Senior GPU Supercomputer Scheduler Engineer

at Nvidia

📍 Santa Clara, United States

USD 152,000-287,500 per year

SENIOR

✅ On-site

Used Tools & Technologies

Machine Learning

Required Skills & Competences
Tag name is followed by "@" symbol and proficiency level value. About proficiency levels:

1-2 — basic awareness. Minimal hands-on experience, and a rudimentary understanding of the technology's purpose;

3-6 — daily use. Comfortable and regular usage, capable of handling common tasks and challenges related to the technology;

7-9 — you are an expert, you can teach others, you know all the pitfalls and tricks;

10 — exceptional knowledge, comprehensive understanding, and adeptness in all aspects of the technology, including advanced problem-solving. Think twice before claiming or demanding such level.

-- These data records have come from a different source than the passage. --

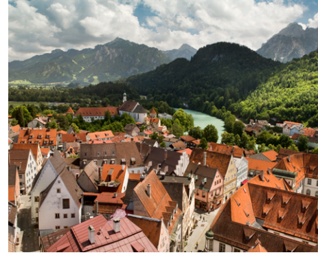
Füssen: Did you know Füssen is surrounded by a few lakes and the River Lech?

TIP For more wellness experiences, visit Lindau and its newly opened Therme Lindau , offering a variety of thermal baths, pools and saunas.
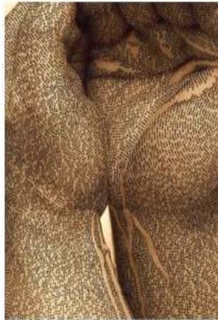
body scripture II by Ronit Bigal (2010)
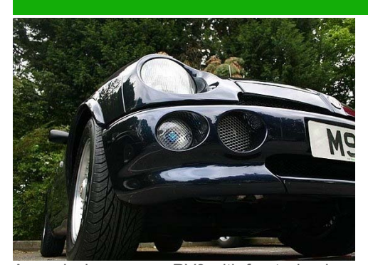
An early Japan spec RV8 with front wheel arch spats and aircon intake grilles>

the old speedometer when the new owner completes the purchase of a reimported RV8 when all the necessary reimport and compliance work has been carried out.
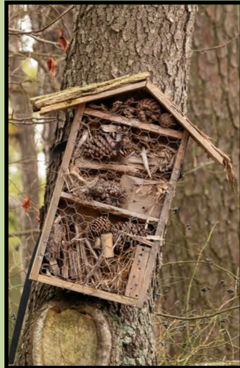
Bug Hotel, Bluebird Gap Farm Lake Smith Terrace GC (T)
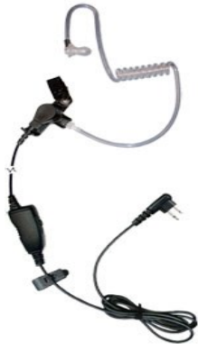
Star Single Wire Ear Bud Coil Tube
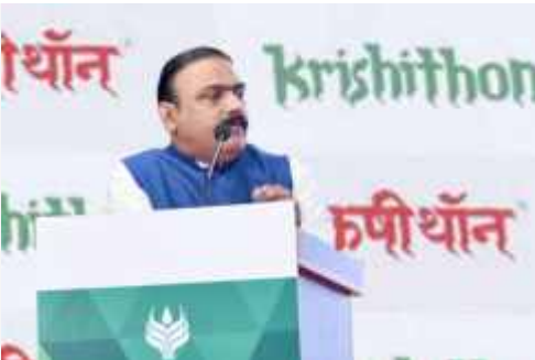
Shri Makarnad Anaspure Actor and Social Activist
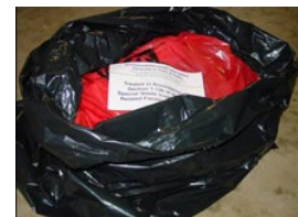
Figure 2 Proper autoclaved waste disposal
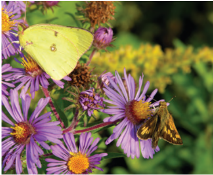
Native purple asters in the fields of Sunnyside Recreation Area, Lincroft, attract butterflies.

M onmouth County’s parks and precious open spaces are wonderful to look at and explore. Observing the many native plants and animals and feeling their calm and refreshing influence is a true pleasure. At the same time, these wonderful places require ever more vigilance to control the growing list of unwanted and damaging invasive plant species.

Software Development @ 4 Docker @ 4 Go @ 4 Kubernetes @ 7 Linux @ 4 Python @ 4 TensorFlow @ 4 Bash @ 4 Communication @ 4 PyTorch @ 4 GPU @ 4 Deep Learning @ 4 AI @ 4 Slurm @ 7 HPC @ 4 Performance Analysis @ 4

Details

NVIDIA is a pioneer in accelerated computing, known for inventing the GPU and driving breakthroughs in gaming, computer graphics, high-performance computing, and artificial intelligence. The Managed AI Research Superclusters (MARS) team builds and scales the infrastructure, platforms, and tools that enable researchers and engineers to develop the next generation of AI/ML systems. By joining this team you'll help design solutions that power some of the world’s most advanced computing workloads.

Responsibilities

Design and develop new scheduling features and add-on services to improve GPU compute clusters across many dimensions, such as resource usage fairness, GPU occupancy, GPU waste, application resilience, application performance and power usage.
Design and develop batch workload management and orchestration services.
Provide support to staff and end users to resolve batch scheduler issues.
Build and improve the ecosystem around GPU-accelerated computing.
Perform performance analysis and optimizations of deep learning workflows.
Develop large scale automation solutions.
Perform root cause analysis and suggest corrective action for problems at large and small scales.
Proactively find and fix problems before they occur.

Requirements

Bachelor’s degree in Computer Science, Electrical Engineering or related field or equivalent experience.
5+ years of work experience.
Strong understanding of batch scheduling, preferably with experience in schedulers such as SLURM or Kubernetes batch schedulers (Kueue, Volcano, etc.).
Significant experience in systems programming languages such as C/C++ and Go, as well as scripting languages such as Python and bash.
Established experience with the Linux operating system, environment and tools.
Experience analyzing and tuning performance for a variety of AI workloads.
In-depth understanding of container technologies like Docker, Singularity, Podman.
Flexibility and adaptability for working in a dynamic environment with different frameworks and requirements.
Excellent communication, interpersonal and customer collaboration skills.

Ways to stand out

Knowledge in high-performance computing (HPC).
Open source software contributions.
Experience with deep learning frameworks like PyTorch and TensorFlow.
Passion for software development processes.

Compensation and other details

The base salary range is 152,000 USD - 241,500 USD for Level 3, and 184,000 USD - 287,500 USD for Level 4. Actual base salary will be determined based on location, experience, and internal pay comparisons.
You will also be eligible for equity and benefits.
Applications for this job will be accepted at least until February 24, 2026. This posting is for an existing vacancy.
NVIDIA uses AI tools in its recruiting processes.
NVIDIA is an equal opportunity employer committed to fostering a diverse work environment.